## Work required
For this exercise, reproduce the entries below exactly, but only from the line containing "Women Polka Print" through the line containing "Grohe RAPID SL", both included.

## Record set
+===+

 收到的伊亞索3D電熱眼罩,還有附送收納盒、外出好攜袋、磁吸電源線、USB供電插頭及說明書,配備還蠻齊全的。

+===+

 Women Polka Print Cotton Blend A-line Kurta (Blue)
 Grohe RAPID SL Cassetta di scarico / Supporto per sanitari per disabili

+===+

## Written response
 Women Polka Print Cotton Blend A-line Kurta (Blue)
 Grohe RAPID SL Cassetta di scarico / Supporto per sanitari per disabili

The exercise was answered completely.